While both incidents had different root causes, we conducted thorough reviews of each and addressed the specific issues identified. However, out of an abundance of caution, we decided to roll back the routing layer to a previously proven and reliable configuration that had been in operation for a longer period. This rollback provides us with additional time to comprehensively evaluate the next-generation routing technology, which had been in operation for over a year without prior issues.

For a deeper technical explanation of the root causes and corrective actions taken in the September 25 and August 27 incidents, please see the appendix section to read the full technical details.

Architecture Overview

HubSpot’s infrastructure processes billions of customer requests daily, leveraging a routing system composed of load balancers that manage the flow of requests across various backend services.
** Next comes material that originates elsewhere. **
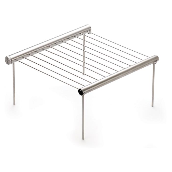 | Other Features | Collapsible grill is perfect size to grill food for 2–3 people. Grill parts fit inside stainless steel tube for easy and compact storage. Bail for hanging in storage. Includes 1 thick tube with a stopper, 1 thin tube with a cleaning groove, 2 outer grill rods with hooks and threads, 10 grill rods, 4 grill feet. Dishwasher safe. |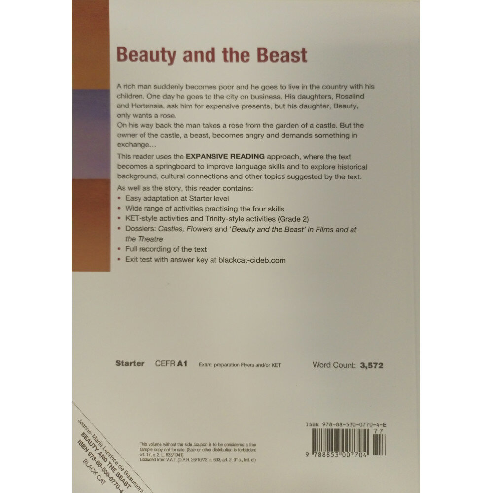 Jeanne-Marie Leprince de Beaumont Adaptation and activities by Gina D. B. ClemenFairy tale & fantasy A rich man suddenly becomes poor and he goes to live in the country with his children. One day he goes to the city on business. His daughters Rosalind and Hortensia ask him for expensive presents, but his other daughter, Beauty, only wants a rose.On his way back the man takes a rose from the garden of a castle. But the owner of the castle, a beast, becomes angry and demands something in exchange… Dossiers:CastlesFlowers‘Beauty and the Beast’ in Films and at the Theatre Exit test

These load balancers are deployed as Kubernetes pods, and serve to ensure efficient traffic distribution and redundancy to support large scale operations.

In this incident, an issue with how the traffic-handling pods were distributed across Kubernetes nodes caused multiple pods to fail their readiness checks simultaneously. This led to automatic shutdowns of affected pods. The remaining pods became overwhelmed, resulting in a surge of 5xx errors on our primary load balancer. This behavior resembled a thundering herd problem, where simultaneous failures led to increased load on the remaining healthy pods, compounding overall system strain.

What Happened

On September 23, we identified an issue with the distribution of traffic-handling pods across Kubernetes nodes. This imbalance in pod distribution risked overloading certain nodes, making the system vulnerable. A fix was implemented on September 24 to resolve this issue. However, the fix did not take effect due to a deployment issue. This left the system exposed to failure under specific traffic patterns.

When a surge in traffic occurred on the morning of September 25, the previously known pod distribution issue triggered a cascade of failures. Readiness probes for multiple pods began to fail simultaneously, causing Kubernetes to remove these pods from service. This overwhelmed the remaining pods with an influx of traffic, resulting in two waves of degraded performance and 5xx errors.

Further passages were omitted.